Por Dr Adriano Oliveira

Infecção do trato urinário (ITU) é um evento predominantemente feminino. Existem inúmeras explicações para esse fato. A mulher, ao contrário do homem, tem características que facilitam o surgimento de ITU que vão desde hábitos de vida até a anatomia.

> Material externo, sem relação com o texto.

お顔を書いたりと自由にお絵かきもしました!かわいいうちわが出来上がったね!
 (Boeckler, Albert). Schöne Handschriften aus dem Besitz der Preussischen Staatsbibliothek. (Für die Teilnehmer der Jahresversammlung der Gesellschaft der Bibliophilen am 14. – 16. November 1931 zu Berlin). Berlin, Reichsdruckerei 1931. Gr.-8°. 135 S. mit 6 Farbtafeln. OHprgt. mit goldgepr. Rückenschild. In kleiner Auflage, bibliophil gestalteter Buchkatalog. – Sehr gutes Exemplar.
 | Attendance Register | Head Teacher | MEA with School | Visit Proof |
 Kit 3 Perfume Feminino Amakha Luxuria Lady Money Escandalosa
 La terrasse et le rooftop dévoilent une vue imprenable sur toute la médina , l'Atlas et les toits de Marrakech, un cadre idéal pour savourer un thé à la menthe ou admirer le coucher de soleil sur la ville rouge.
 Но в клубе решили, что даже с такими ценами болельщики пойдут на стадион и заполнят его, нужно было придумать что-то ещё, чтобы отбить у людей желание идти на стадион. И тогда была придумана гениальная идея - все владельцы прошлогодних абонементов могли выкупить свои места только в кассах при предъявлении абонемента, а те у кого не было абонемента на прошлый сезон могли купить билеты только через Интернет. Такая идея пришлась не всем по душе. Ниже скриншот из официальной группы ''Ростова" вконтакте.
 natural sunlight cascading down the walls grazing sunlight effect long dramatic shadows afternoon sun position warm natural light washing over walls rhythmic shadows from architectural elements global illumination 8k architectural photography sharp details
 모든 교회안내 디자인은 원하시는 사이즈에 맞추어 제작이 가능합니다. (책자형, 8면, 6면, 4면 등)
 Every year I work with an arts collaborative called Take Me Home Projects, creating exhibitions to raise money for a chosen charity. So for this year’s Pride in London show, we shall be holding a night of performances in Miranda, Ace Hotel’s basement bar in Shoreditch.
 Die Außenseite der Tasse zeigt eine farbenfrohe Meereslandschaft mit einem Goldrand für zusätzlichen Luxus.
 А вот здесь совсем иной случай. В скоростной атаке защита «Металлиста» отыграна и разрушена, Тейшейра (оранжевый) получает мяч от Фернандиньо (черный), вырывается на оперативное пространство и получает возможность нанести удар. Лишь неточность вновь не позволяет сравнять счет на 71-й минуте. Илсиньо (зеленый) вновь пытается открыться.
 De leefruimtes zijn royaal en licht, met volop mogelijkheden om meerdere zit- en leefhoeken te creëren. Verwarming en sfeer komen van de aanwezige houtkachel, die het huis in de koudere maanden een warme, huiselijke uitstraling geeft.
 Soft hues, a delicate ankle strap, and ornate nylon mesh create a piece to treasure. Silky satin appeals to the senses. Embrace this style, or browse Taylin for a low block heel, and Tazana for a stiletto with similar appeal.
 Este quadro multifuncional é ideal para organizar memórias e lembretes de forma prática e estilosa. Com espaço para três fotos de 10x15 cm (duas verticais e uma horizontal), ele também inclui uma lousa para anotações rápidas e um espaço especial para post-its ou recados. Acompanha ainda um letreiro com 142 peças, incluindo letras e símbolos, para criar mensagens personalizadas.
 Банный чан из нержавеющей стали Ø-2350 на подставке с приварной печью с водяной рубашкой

O ser humano tem cerca de 10 trilhões de células. Bastante não é? Pois bem, temos de cinco a dez vezes mais de bactérias! É muita bactéria! Dessa forma, ao contrário do que algumas pessoas acreditam, conviver com bactérias no nosso corpo não só é uma realidade universal, como é necessário à vida! Elas não estão aí à toa, têm uma razão de ser. Discutiremos essa questão em outra ocasião. Fato é que cerca de 40% desses micro-organismos estão presentes no intestino. E qual a importância disso? Essa bactéria intestinal, particularmente conhecida Escherichia coli, principal causadora de ITU, sai do intestino via orifício anal e torna-se habitante natural da região próxima à genitália. Quando digo “habitante natural”, significa que essa não é uma questão patológica ou que esteja faltando limpeza. Essa é a condição normal do ser humano mesmo nas pessoas mais higiênicas.  Acontece que essa bactéria que habita a genitália e que é proveniente do intestino tende a expandir seu território. Dessa forma, se o organismo humano ao consentir, ela poderá entrar pela uretra e ascender até porções mais altas do trato urinário*. Assim, bactérias normais do nosso corpo podem ir para um habitat não habitual (uretra e bexiga), podendo ou não produzir doença (vide conceito de colonização e infecção abaixo).

E por que a ITU é mais comum em mulheres?

A primeira razão é de natureza anatômica. A uretra feminina é curta. O homem, devido à presença do pênis, tem cerca de vinte a vinte e cinco centímetros de uretra. As mulheres têm cerca de quatro a cinco centímetros. Qual a importância disso? Ora, se a bactéria que habita a genitália tiver que subir toda a extensão da uretra para chegar à bexiga, o fato da mulher ter um órgão com menor comprimento facilita essa escalada.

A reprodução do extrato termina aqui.